■ **INSTRUCTIONS TO FOLLOW**: What you produce should be the lines from the line containing "在江西省修水縣黃沙鎮(zhèn)湯橋村的易地扶貧搬遷安置點,村民在花卉種植基地里勞作(5月20日攝)。新華社記者 彭昭之 攝" through the last line below, both ends included, reproduced exactly and without pictures.
·····
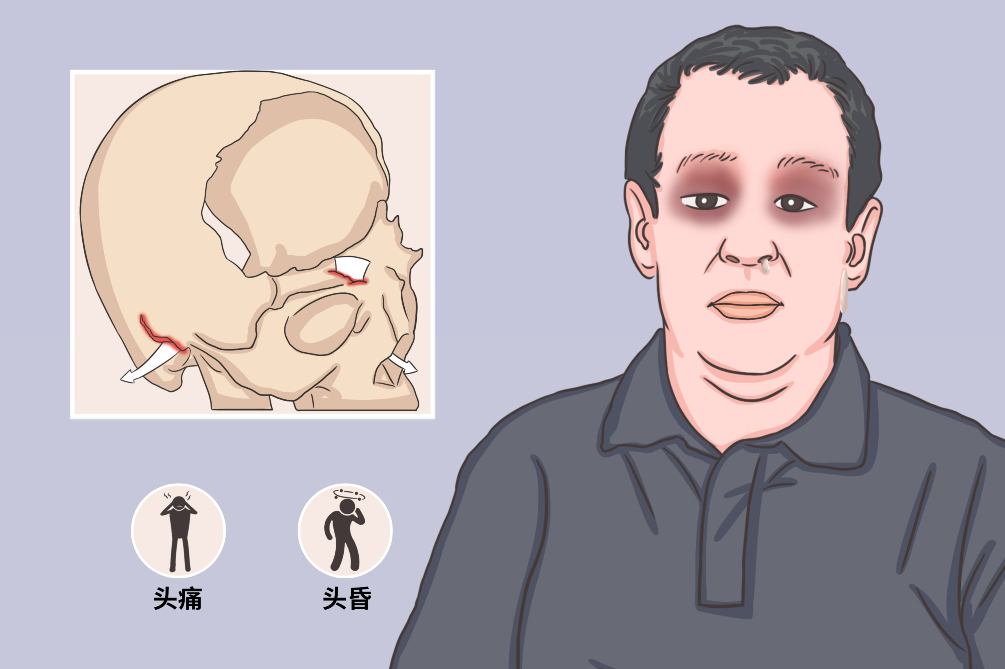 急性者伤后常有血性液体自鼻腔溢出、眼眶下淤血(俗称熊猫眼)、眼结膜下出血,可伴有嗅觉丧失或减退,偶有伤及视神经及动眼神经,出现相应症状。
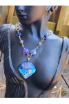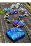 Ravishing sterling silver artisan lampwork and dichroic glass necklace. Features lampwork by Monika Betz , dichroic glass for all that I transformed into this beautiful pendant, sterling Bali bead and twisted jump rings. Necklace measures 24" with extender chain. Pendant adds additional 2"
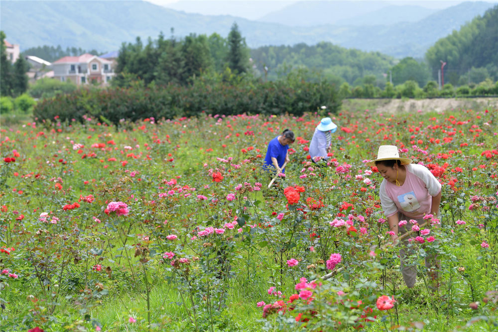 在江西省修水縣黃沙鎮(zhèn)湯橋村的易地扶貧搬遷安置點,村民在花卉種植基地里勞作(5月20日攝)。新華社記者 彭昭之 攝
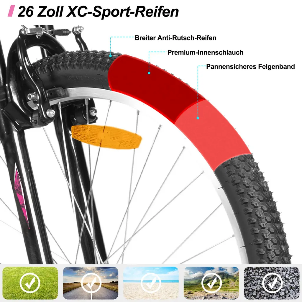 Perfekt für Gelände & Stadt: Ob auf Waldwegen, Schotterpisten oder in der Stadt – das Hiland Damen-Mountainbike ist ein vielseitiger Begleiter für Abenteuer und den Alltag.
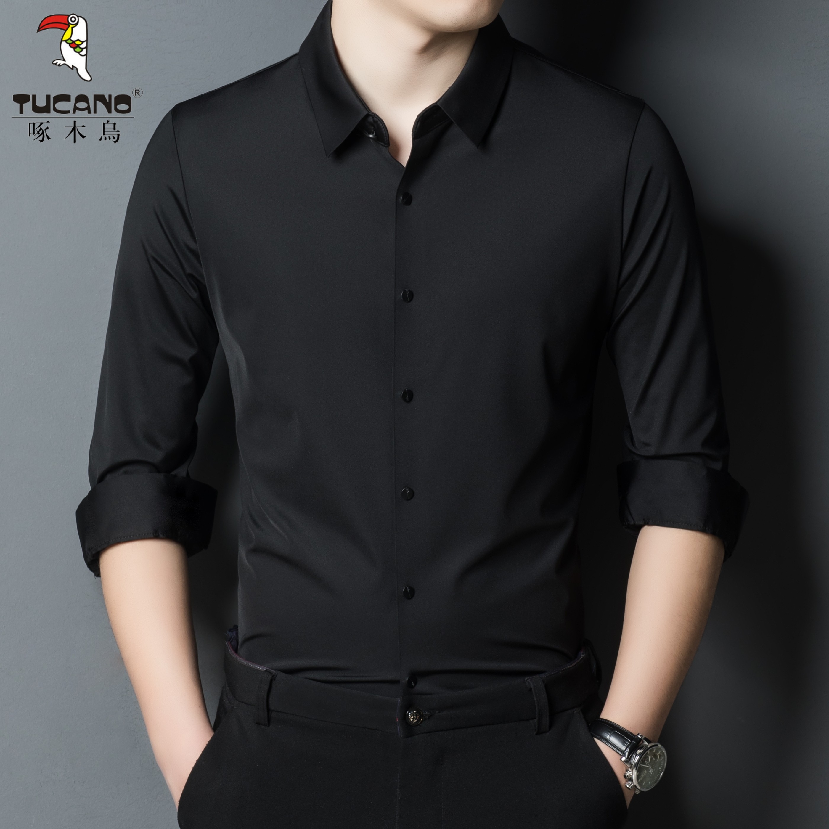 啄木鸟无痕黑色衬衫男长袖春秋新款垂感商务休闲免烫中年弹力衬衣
·····
■ **RESPONSE FOR THIS EXERCISE**:
 在江西省修水縣黃沙鎮(zhèn)湯橋村的易地扶貧搬遷安置點,村民在花卉種植基地里勞作(5月20日攝)。新華社記者 彭昭之 攝
 Perfekt für Gelände & Stadt: Ob auf Waldwegen, Schotterpisten oder in der Stadt – das Hiland Damen-Mountainbike ist ein vielseitiger Begleiter für Abenteuer und den Alltag.
 啄木鸟无痕黑色衬衫男长袖春秋新款垂感商务休闲免烫中年弹力衬衣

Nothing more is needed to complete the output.